--- START ---
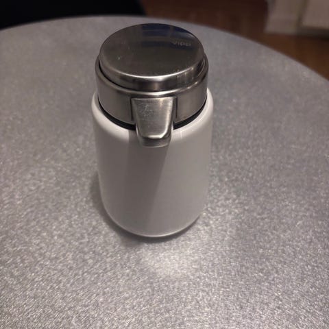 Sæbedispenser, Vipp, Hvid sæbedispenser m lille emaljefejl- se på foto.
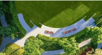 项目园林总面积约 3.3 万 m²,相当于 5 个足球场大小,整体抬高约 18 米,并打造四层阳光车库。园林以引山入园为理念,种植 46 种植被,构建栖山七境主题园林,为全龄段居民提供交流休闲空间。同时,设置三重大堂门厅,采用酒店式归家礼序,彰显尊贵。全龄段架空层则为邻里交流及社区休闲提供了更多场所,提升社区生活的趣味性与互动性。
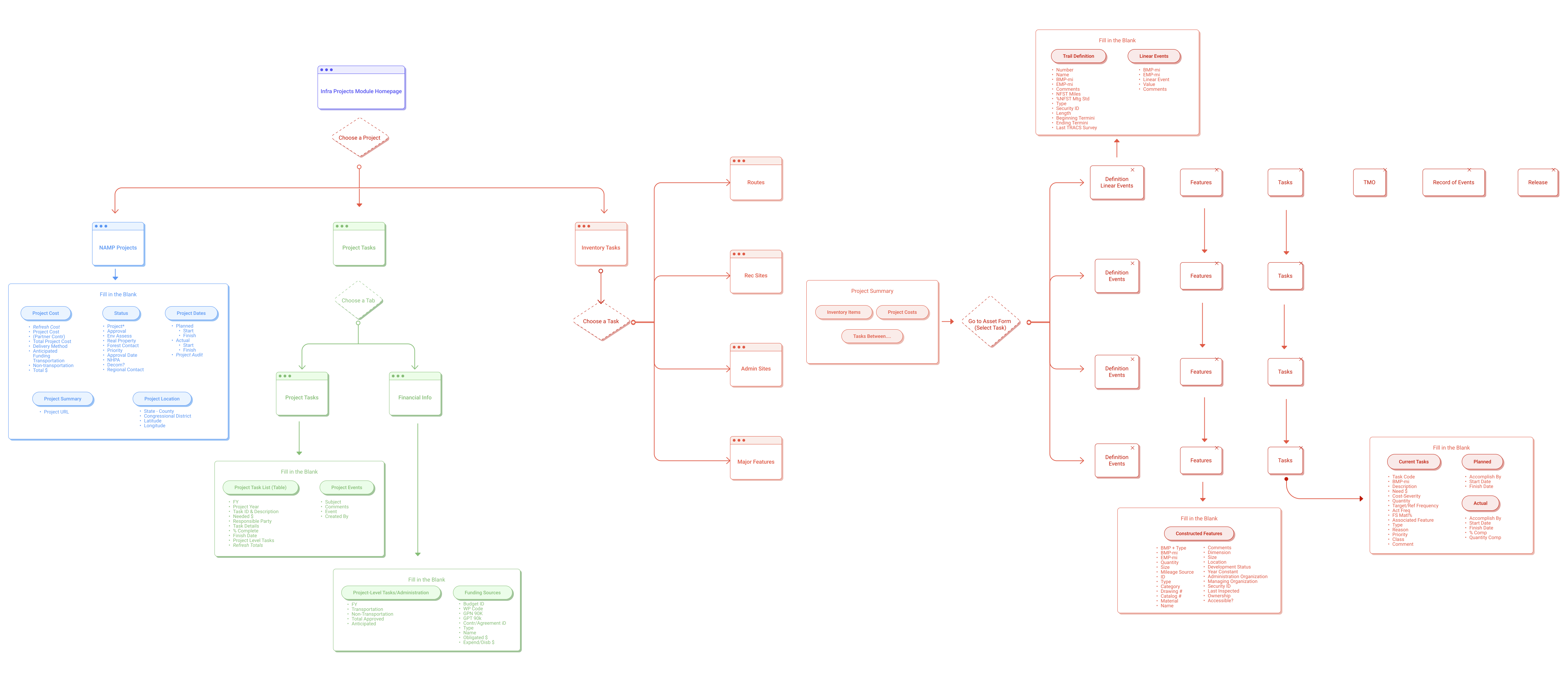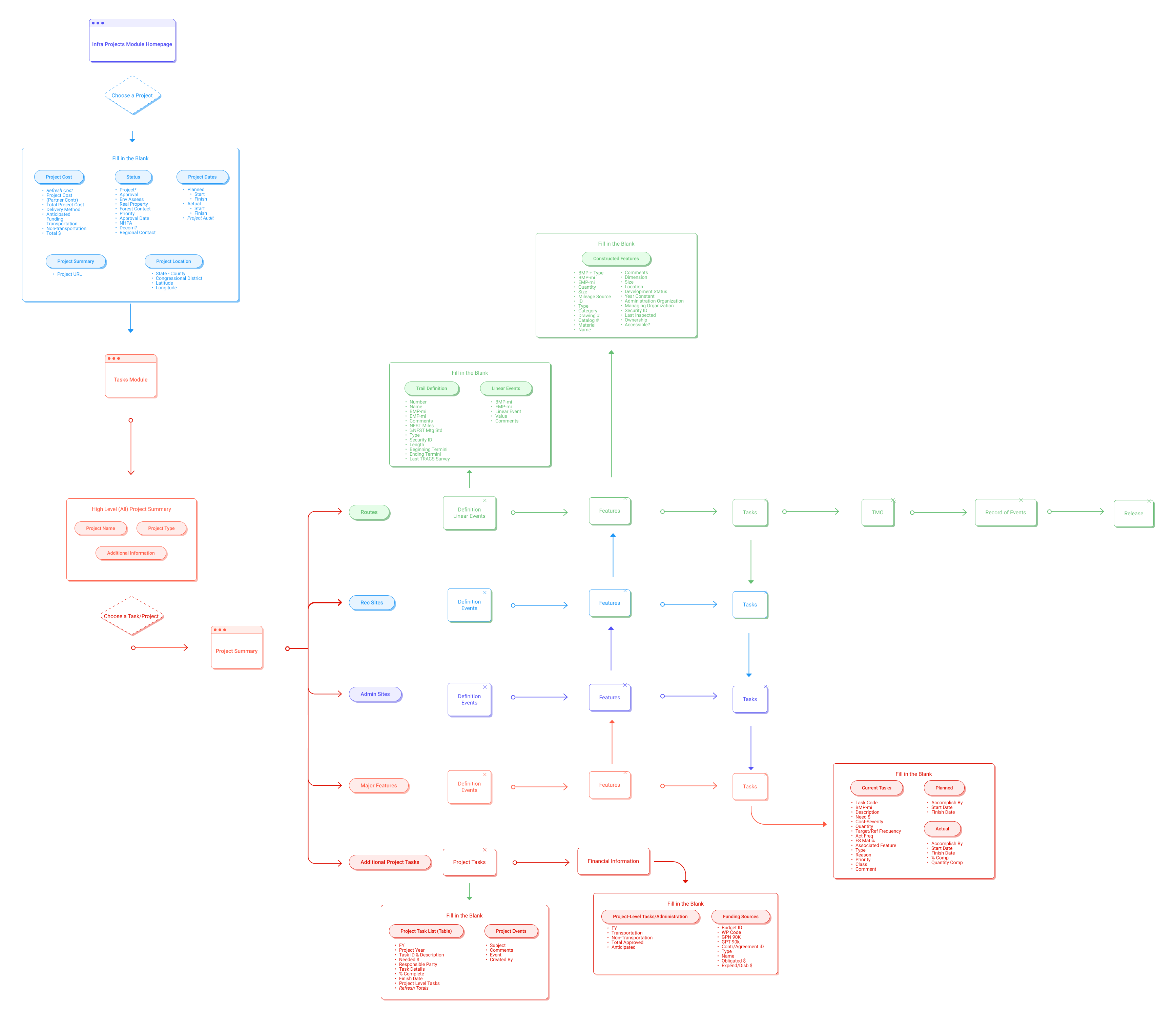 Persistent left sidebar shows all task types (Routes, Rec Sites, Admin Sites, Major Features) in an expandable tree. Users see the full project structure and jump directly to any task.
--- END ---
--- START ---
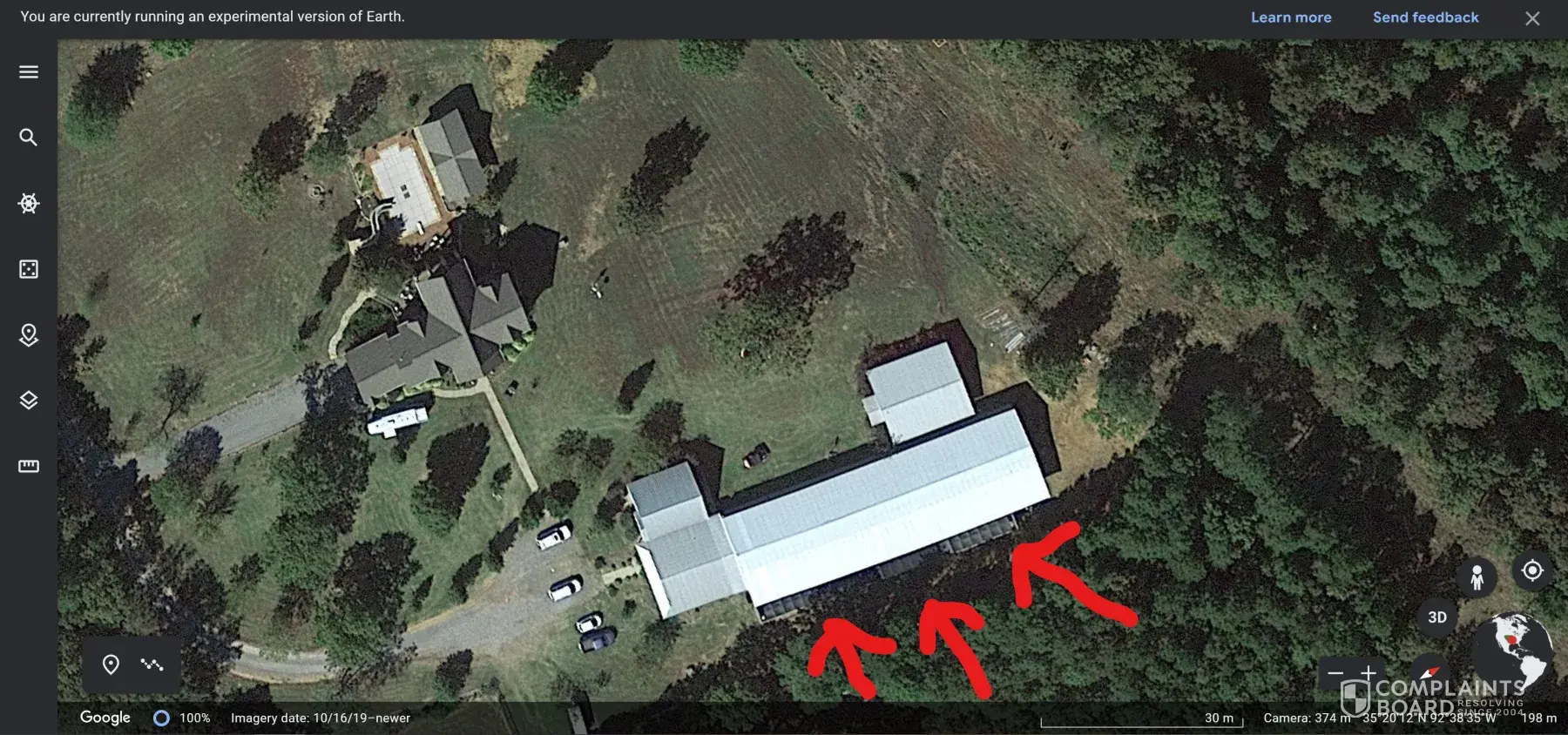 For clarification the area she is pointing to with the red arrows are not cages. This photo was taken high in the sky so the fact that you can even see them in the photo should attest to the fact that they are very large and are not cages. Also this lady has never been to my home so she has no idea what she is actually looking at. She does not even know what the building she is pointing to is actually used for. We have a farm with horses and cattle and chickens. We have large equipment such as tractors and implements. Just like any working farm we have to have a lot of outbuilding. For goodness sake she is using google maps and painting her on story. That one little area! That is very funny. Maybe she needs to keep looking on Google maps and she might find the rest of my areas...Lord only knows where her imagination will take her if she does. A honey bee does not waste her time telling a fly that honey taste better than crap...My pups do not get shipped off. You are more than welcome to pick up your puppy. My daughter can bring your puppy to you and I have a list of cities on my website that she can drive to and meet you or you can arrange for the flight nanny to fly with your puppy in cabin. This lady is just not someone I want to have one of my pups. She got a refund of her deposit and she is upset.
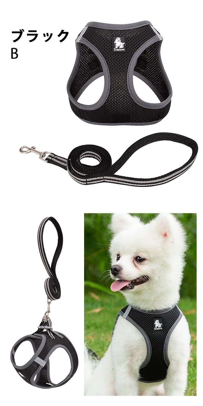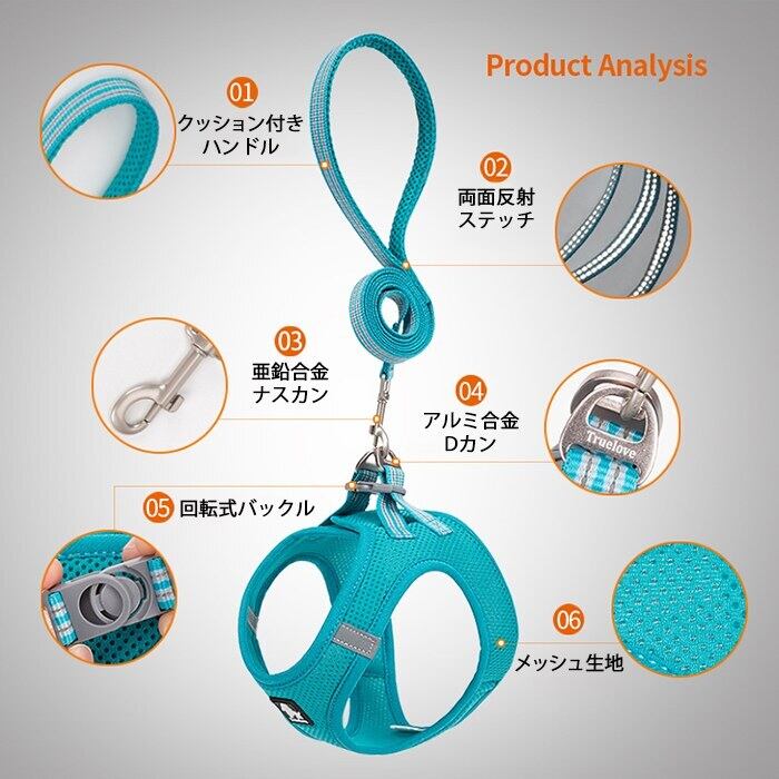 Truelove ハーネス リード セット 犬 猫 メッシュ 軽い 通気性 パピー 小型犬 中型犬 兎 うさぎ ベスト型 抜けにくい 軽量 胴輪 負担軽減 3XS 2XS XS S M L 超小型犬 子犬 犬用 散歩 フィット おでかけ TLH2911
--- END ---
> **Exercise details**
Return exactly the lines of the material above, starting at the line containing "Sæbedispenser, Vipp, Hvid" and finishing at the line containing "Persistent left sidebar", without any pictures.

> **Result of this task**
 Sæbedispenser, Vipp, Hvid sæbedispenser m lille emaljefejl- se på foto.
 项目园林总面积约 3.3 万 m²,相当于 5 个足球场大小,整体抬高约 18 米,并打造四层阳光车库。园林以引山入园为理念,种植 46 种植被,构建栖山七境主题园林,为全龄段居民提供交流休闲空间。同时,设置三重大堂门厅,采用酒店式归家礼序,彰显尊贵。全龄段架空层则为邻里交流及社区休闲提供了更多场所,提升社区生活的趣味性与互动性。
 Persistent left sidebar shows all task types (Routes, Rec Sites, Admin Sites, Major Features) in an expandable tree. Users see the full project structure and jump directly to any task.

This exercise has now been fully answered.